Inside the function, the argument names are used as the names of R objects that the code acts upon.

So, when you call mean(x=data) (or mean(data)), the values you had stored in data become known to the code inside the mean function by the name x instead of data.

Scoping

  • The code which calculates the mean runs "in its own world"
    • These worlds have their own names: environments
    • You don't see objects in the function's environment, and it doesn't see "your" environment (which is known as the "calling environment").
      • When you call a function from the command line, or in a script, the calling environment is the global environment.
  • The only way for objects in your environment to get into the function environment, where the cool calculations take place, is through the function interface.*





    *Unless the calling environment is also the enclosing environment, but we are not going to worry about that now.

Scoping


Scoping

> data <- c(10, 11, 12)
> x <- c(1, 2, 3)
> mean(x=data) # Takes the mean of data, not of x from global env
## [1] 11
> x # didn't re-assign in global env
## [1] 1 2 3
> mean(x) #same as mean(x=x)
## [1] 2
> mean()
## Error in mean.default(): argument "x" is missing, with no default

... : The "dot dot dot"

  • You will often encounter the lines like "... : further arguments passed to other methods" in the Arguments section.
  • A full explanation of the ... is beyond the scope of our class, but for our purposes, we can treat it like a special catch-all device for inputs that aren't otherwise explicitly specified.
  • Protip: When looking for help on this, do not google "R dot dot dot" of "R …". It will not be helpful.
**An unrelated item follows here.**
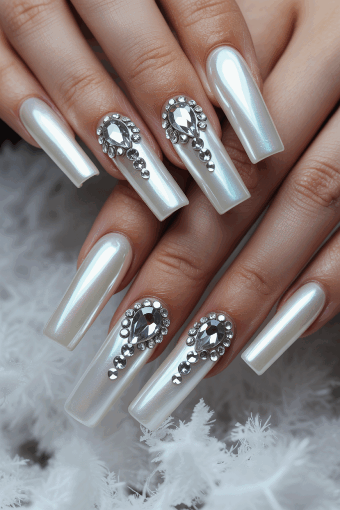 This design pairs a soft pearl white base with small rhinestone accents. The rhinestones add subtle sparkle without being too flashy. It creates a refined look that suits both casual and formal occasions. The pearl white shade feels fresh and perfect for winter.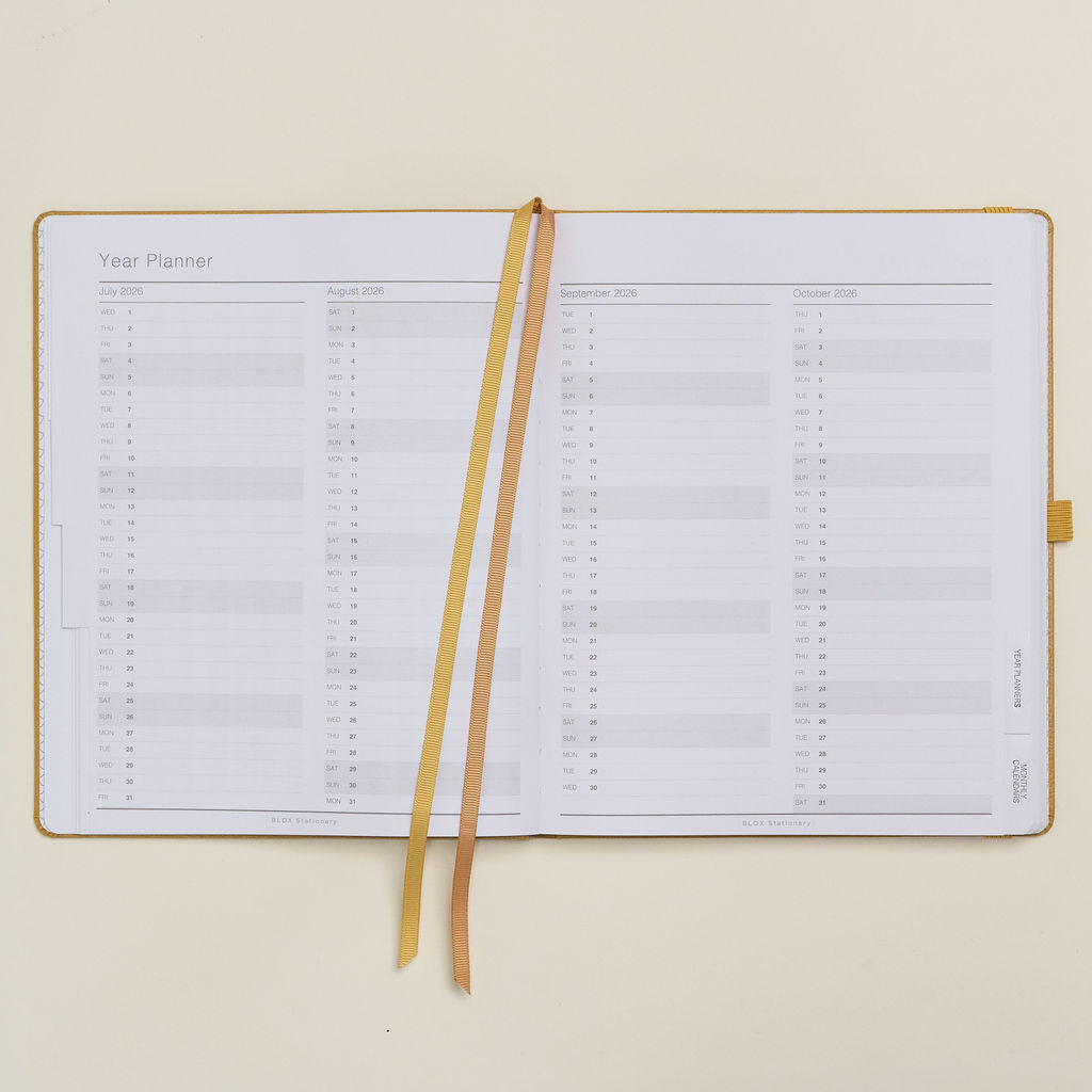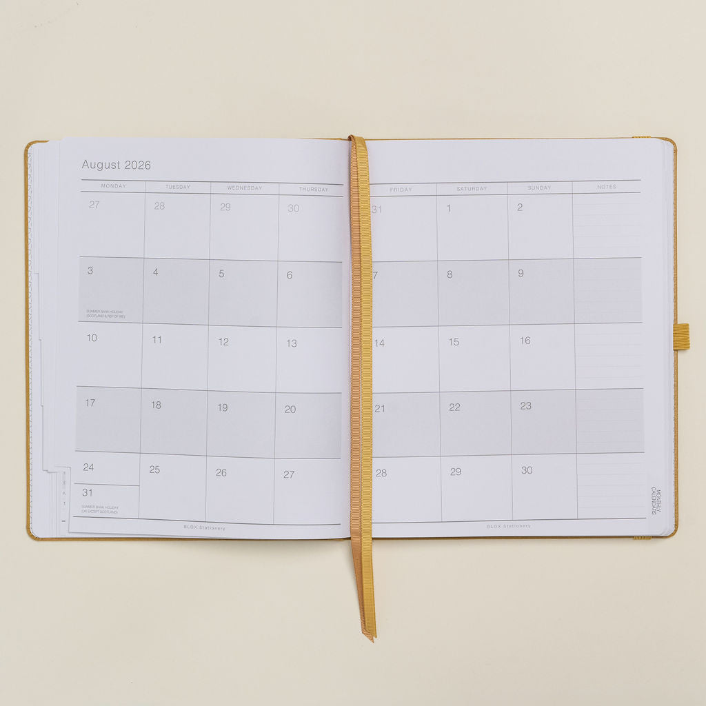 This desk diary is a LARGER version of the BLOX Academic A5 Diary published by our sister brand BLOX Stationery and the same size as our BIG Family School Year Diary. A large diary which will look fabulous on any desk or in any staff room. Particularly suited to professionals, the self-employed and teachers and the perfect gift for anyone who runs their life based on the Academic/School Year or wants a mid-year diary!

Instead, google for "R ellipsis"

?mean: Value

The value section tells you about what the function returns to you when it finishes its calculations.
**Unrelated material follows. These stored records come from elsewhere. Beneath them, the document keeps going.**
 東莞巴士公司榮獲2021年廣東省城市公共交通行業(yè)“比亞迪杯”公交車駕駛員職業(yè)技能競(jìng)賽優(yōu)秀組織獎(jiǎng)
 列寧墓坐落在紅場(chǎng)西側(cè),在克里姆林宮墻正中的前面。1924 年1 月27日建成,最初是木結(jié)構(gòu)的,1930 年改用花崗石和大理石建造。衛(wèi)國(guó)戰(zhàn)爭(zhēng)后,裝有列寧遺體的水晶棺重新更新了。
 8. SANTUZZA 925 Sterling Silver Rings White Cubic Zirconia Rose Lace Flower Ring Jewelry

  • The type of data structure (e.g. list, matrix, etc.)
  • What values are held in that data structure

The return value may differ depending on which arguments were used, and what their values were.

?mean: Examples

Help pages generally end with a section showing toy examples of using the function.

These examples can demonstrate common use cases for the function.
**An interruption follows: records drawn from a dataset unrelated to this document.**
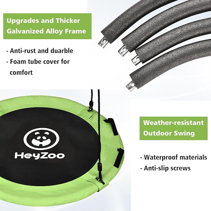 - 48 Inch Super Large: Compared to most saucer swings, Heyzoo 48 inch swing is more suitable for multi-child families. It can easily carry 3-4 children or adults and children playing together, allowing the whole family to enjoy fun times.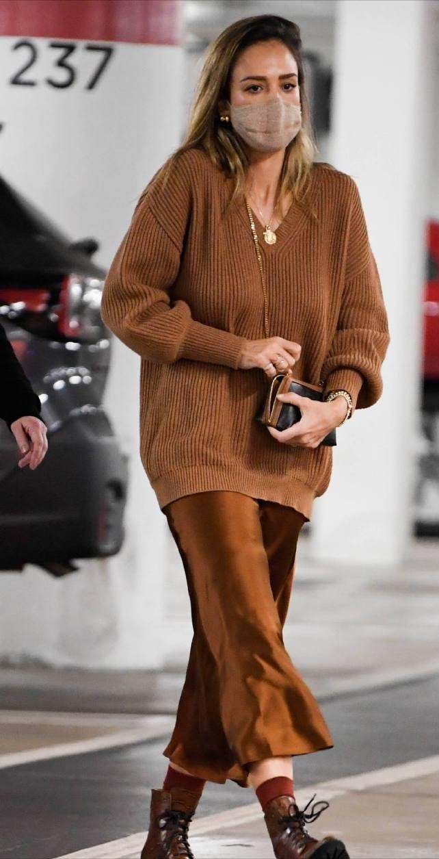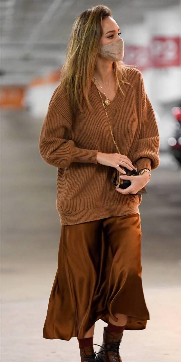 一身焦糖色造型搭配披肩金发,气场又美又飒!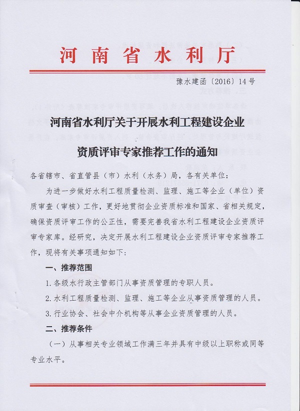 關于開展水利工程建設企業(yè)資質(zhì)評審專家推薦工作的通知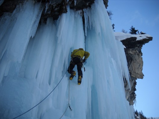 Juist naast dit massiefje ligt À la mémoire du bouquetin (II 5+ 100m) waarvan Matti de eerste lengte klimt en een toprope installeert zodat we onze vijf paar verschillende ijsbijlen kunnen testen (in Cogne zijn verschillende testcentra van onder meer Grivel, Black Diamond, E-Climb,… waarbij je gratis bijlen voor een dag kan gaan uittesten). Nadat ik de waterval ook eens op en neer gegaan was klom Matti een M7 voor. Ik klom hem na en pomp nog wat extra melkzuur naar m’n voorarmen.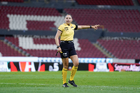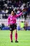 Mazatlán, Sinaloa, 27 de marzo de 2026. Diana Velázquez, árbitro central, durante el partido correspondiente a la jornada 14 del torneo Clausura 2026 de la Liga BBVA MX Femenil, entre las Cañoneras del Mazatlán FC y las Diablas Rojas del Toluca, realizado en el estadio El Encanto. Foto: Imago7/ Juan Carlos Cubeyro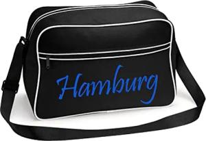 Retrotasche - Hamburg - Schriftzug - Druck blau - Tasche Größe one size schwarz/weiß
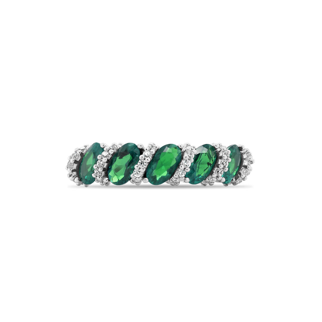 Inel din aur alb de 14K cu pietre cubic zirconia.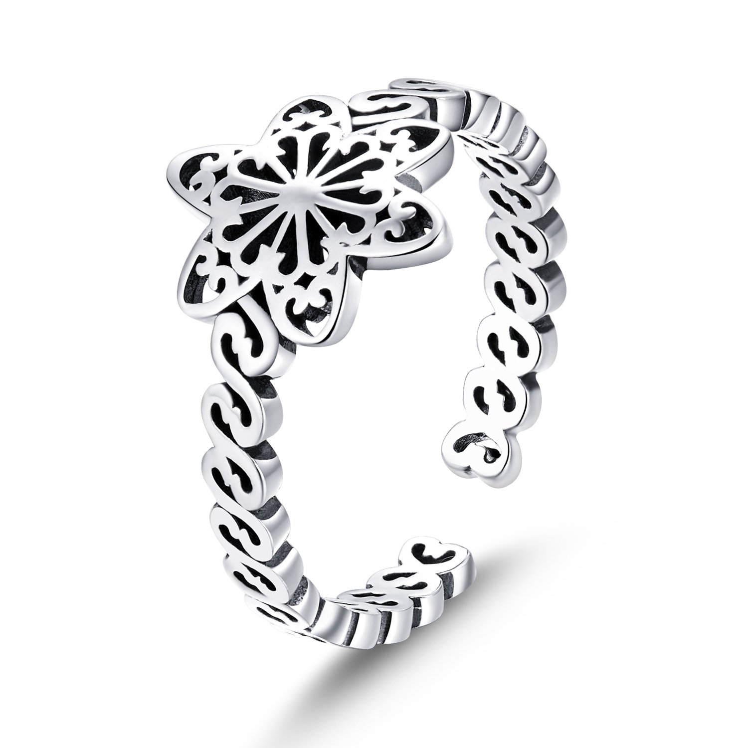 Inel reglabil din argint Winter Snowflake. Mărimi Material: Argint 925 Placaj: Rodiu Dimensiuni element central: 10.55 mm Petre: Fara pietre

They can also show the effects of using different combinations of arguments on the returned value.

?var

Lets take a look at the help page for the var() function now.

The first thing you might notice is that the information about the var() function is on the help page for the cor() function!


?var

While there are 4 different functions defined here, they all have similar syntax

In fact, looking at the Arugments section we see that there are only 6 unique arguments between these 4 functions!

Activity: Simulating Card Dealing

Your activity is to simulate dealing a hand of 5 cards from a standard deck of playing cards.

The cards have face values of 2 through 10, as well as the Ace, King, Queen, and Jack. Each of those cards comes in all 4 suites (Clubs, Diamonds, Hearts and Spades).


Creating the deck

  1. Create a vector representing the face value of each card in the deck. Abbreviate Ace as "A", King as "K", etc.
    • Hint: Check out ?rep
    • Hint: The face value vector should have as many "Kings" as the real deck (4)
    • Hint: Have the order of the face values match the order in the image


Creating the deck

  1. Create a vector representing the suite of each card in the deck. Abbreviate Hearts as "H", Clubs as "C", etc.
    • Hint: The suites vector should have as many "Hearts" as the real deck (13)
    • Hint: Have the order of the suites values match the order in the image


Creating the deck

  1. Combine these 2 vectors into a single vector that representing the deck of cards
    • Hint: Check out ?paste
    • Hint: Each element of the vector should be face-value/suite combination, like "AH" for ace of hearts.

Dealing the Cards

  1. Simulate drawing 5 cards from this virtual "deck" vector.
    • Hint: Check out ?sample
    • Hint: Be sure that you are sampling cards like a real dealer: without replacement!